- **RECORD EXTRACTS**:
== Segment start ==
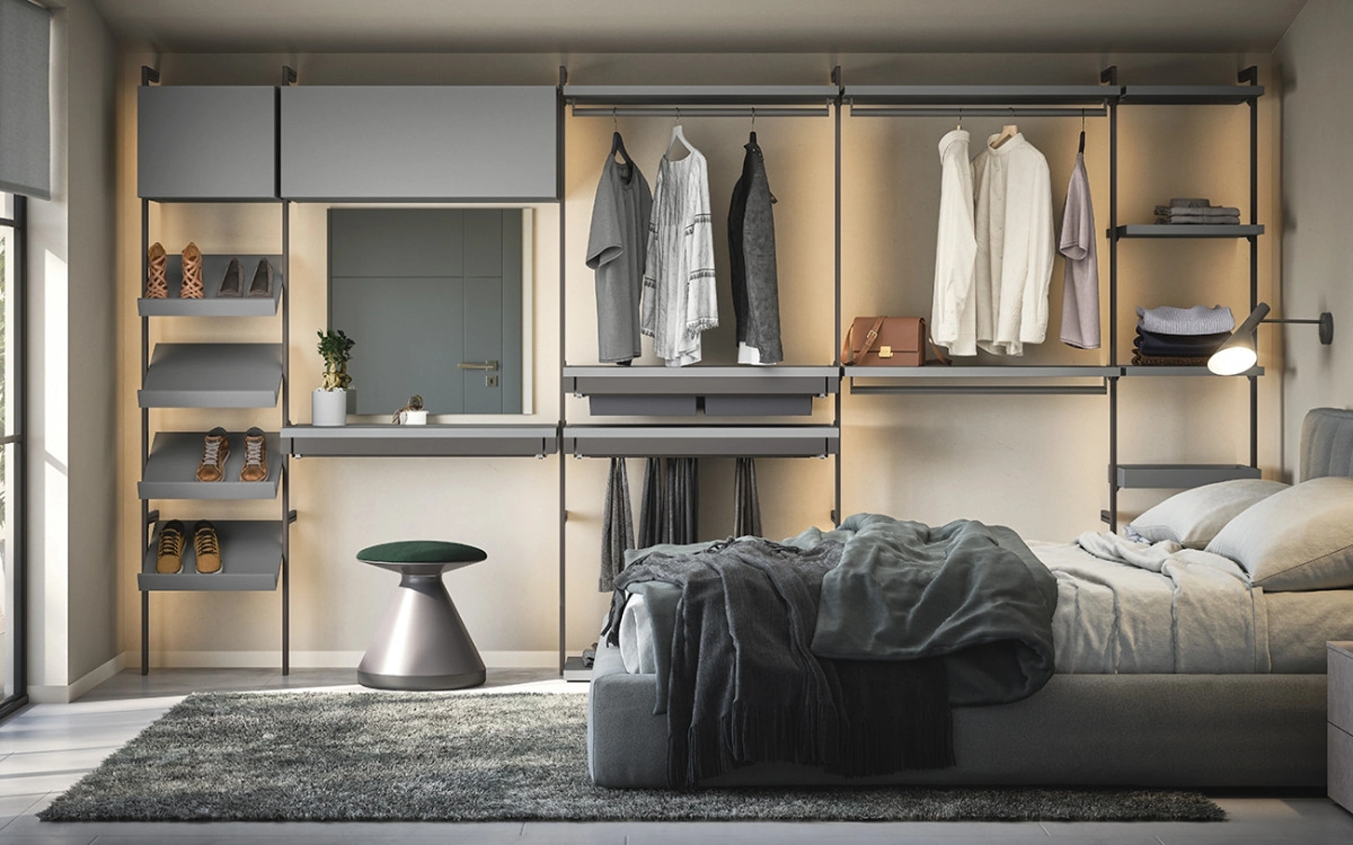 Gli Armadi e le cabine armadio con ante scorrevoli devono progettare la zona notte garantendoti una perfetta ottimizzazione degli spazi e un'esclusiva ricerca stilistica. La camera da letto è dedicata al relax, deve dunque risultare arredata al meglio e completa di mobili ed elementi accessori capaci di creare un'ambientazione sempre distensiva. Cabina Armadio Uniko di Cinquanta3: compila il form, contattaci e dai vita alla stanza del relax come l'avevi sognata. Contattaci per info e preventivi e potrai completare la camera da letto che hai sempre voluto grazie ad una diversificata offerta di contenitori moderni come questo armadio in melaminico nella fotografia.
== Segment end ==
== Segment start ==
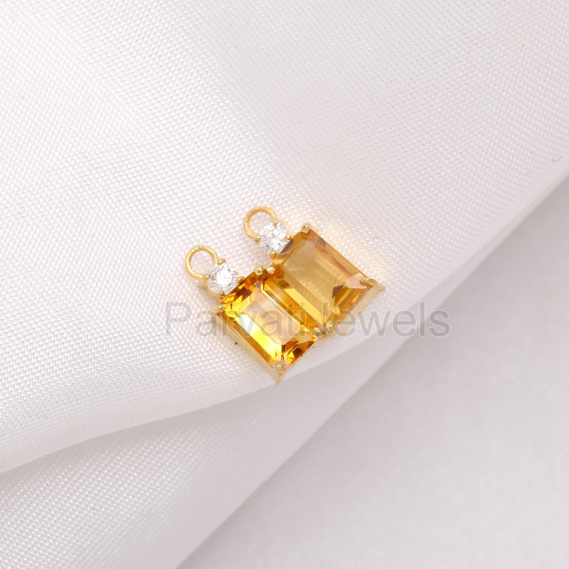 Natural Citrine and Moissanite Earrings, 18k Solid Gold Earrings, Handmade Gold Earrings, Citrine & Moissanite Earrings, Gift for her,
== Segment end ==
== Segment start ==
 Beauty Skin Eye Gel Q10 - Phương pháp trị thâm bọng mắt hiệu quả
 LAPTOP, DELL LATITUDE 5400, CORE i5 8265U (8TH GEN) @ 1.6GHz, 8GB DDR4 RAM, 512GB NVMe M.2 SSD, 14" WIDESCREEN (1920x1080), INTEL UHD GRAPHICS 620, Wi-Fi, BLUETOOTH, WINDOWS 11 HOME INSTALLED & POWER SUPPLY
== Segment end ==
- **TASK DESCRIPTION**:
Going back to the entries above, set down exactly the lines that begin at the one with "Beauty Skin Eye" and end at the one with "LAPTOP, DELL LATITUDE", both included, and nothing else.

- **EXERCISE RESPONSE**:
 Beauty Skin Eye Gel Q10 - Phương pháp trị thâm bọng mắt hiệu quả
 LAPTOP, DELL LATITUDE 5400, CORE i5 8265U (8TH GEN) @ 1.6GHz, 8GB DDR4 RAM, 512GB NVMe M.2 SSD, 14" WIDESCREEN (1920x1080), INTEL UHD GRAPHICS 620, Wi-Fi, BLUETOOTH, WINDOWS 11 HOME INSTALLED & POWER SUPPLY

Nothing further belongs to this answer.